As the new Biden-Harris administration assumes power, the most basic American freedom of speech and expression is under unprecedented threat.
For the first time ever, I am concerned about my freedom to do my work, to run a policy institute addressing issues of culture, race and poverty from a conservative perspective.
Technology — the internet — which was largely nonexistent just 25 years ago, now plays a huge role in our lives as a tool of communication.
In a survey just published by the Pew Research Center, 86% say they “often” or “sometimes” get their news from a digital device — smartphone, tablet or computer. This compared with 68% who say they “often” or “sometimes” get their news from television, 50% who get it from radio and 32% who get it from print publications.
According to Statista.com, the United States has 223 million Facebook users, almost the size of the entire U.S. population over age 18. Per Pew, 22% of U.S. adults use Twitter.
These developments have put enormous power at the disposal of technology firms over what we see and read.
Power alone doesn’t worry me. Exclusive power, power to control, does.
The decision by Twitter to kick the president of the United States off of Twitter, disconnecting him from the 89 million who follow him, is mind-boggling.
President Trump has noted, with total legitimacy, that he turned to social media as his platform of preference to communicate with the country because of widespread bias in the mainstream media.
What gives the technology companies so much discretion over communication, the oxygen of our free country?
This comes from a provision of the 1996 Communications Decency Act that was passed to set the ground rules for the powerful new technologies that were emerging. Technology companies are protected from liability for the content they carry: The liability exists with whomever provided that content. But they were also given discretion over what they choose to carry.
The discretion part comes from logic that the operators of these platforms should be able to refuse truly inflammatory, dangerous content.

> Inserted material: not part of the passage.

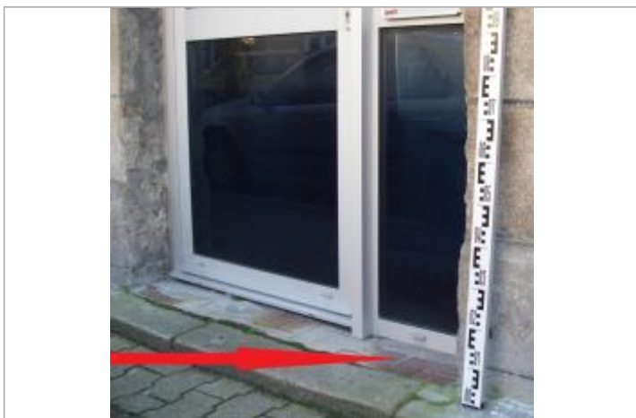
Seuil à l'entrée de l'agence

Altitude calculée de l'eau (en m) : 5.72 m

But what about content that is normally protected by the First Amendment?
Jack Dorsey, CEO of Twitter, appointed himself judge and jury, deciding that President Trump incited the assault on the Capitol building and banning the president from Twitter for life.
We know that President Trump’s own words were that the demonstration on Capitol Hill should be “peaceful.” The point is, if Donald Trump broke the law, this should be determined through legal channels, not by the subjective decision of a businessperson with a net worth of some $12 billion accrued because of American freedom.

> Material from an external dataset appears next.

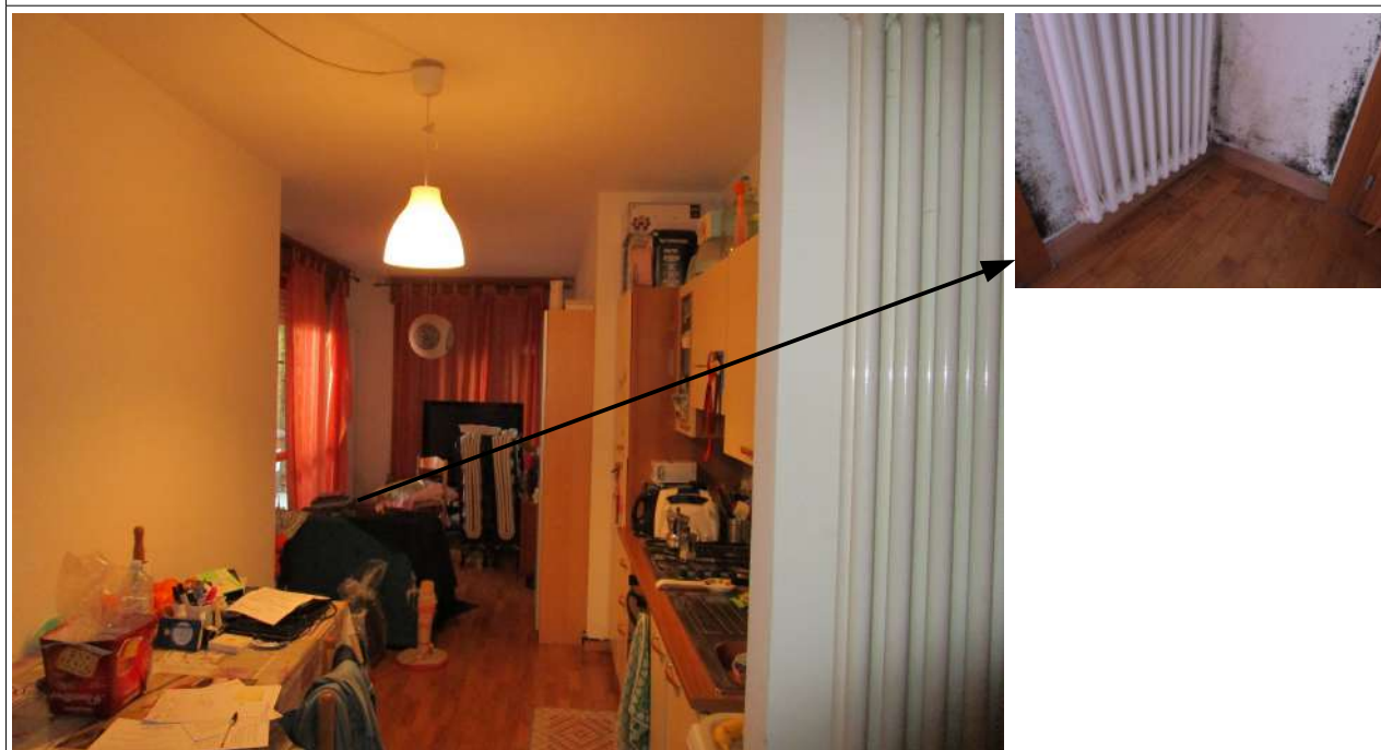
Foto 2 – Pranzo-Soggiorno – Ripresa fotografica dalla porta d'ingresso. A destra angolo cottura e sul fondo due porte-finestra per accedere al Portico e alla Corte esclusiva. A sinistra il muro in cortongesso elevato per ricavare una Camera da letto. Presenti muffe lungo le pareti perimetrali esterne.

I produce a weekly television talk show, “CURE America with Star Parker.” The show was booted off Vimeo because the far-left Southern Poverty Law Center identifies one of our Christian advertisers as a hate group and one pastor said that homosexuality is a sin.
Now quoting the Bible, expressing views of a believing Christian, is out of bounds — banned from the nation’s major media platforms?
We must recognize that our nation’s most precious commodity, our freedom to speak, to act and to assemble, is seriously being threatened.
Because those controlling these technology companies disproportionately have political sympathies to the left, it is the freedom of conservatives that is most seriously under siege.
Fortunately, many are now concerned.
The argument is made that First Amendment speech protections only pertain to government action, not private companies. But technology has enabled a concentration of private power not previously imagined.
The Communications Decency Act could be amended such that speech on technology platforms receives the same protections as all speech protected by the First Amendment.
Another possibility would be to amend the Civil Rights Act to include those with religious conviction based on teachings of Judaism and Christianity as a protected class.
Conservatives must push for new law and new platforms.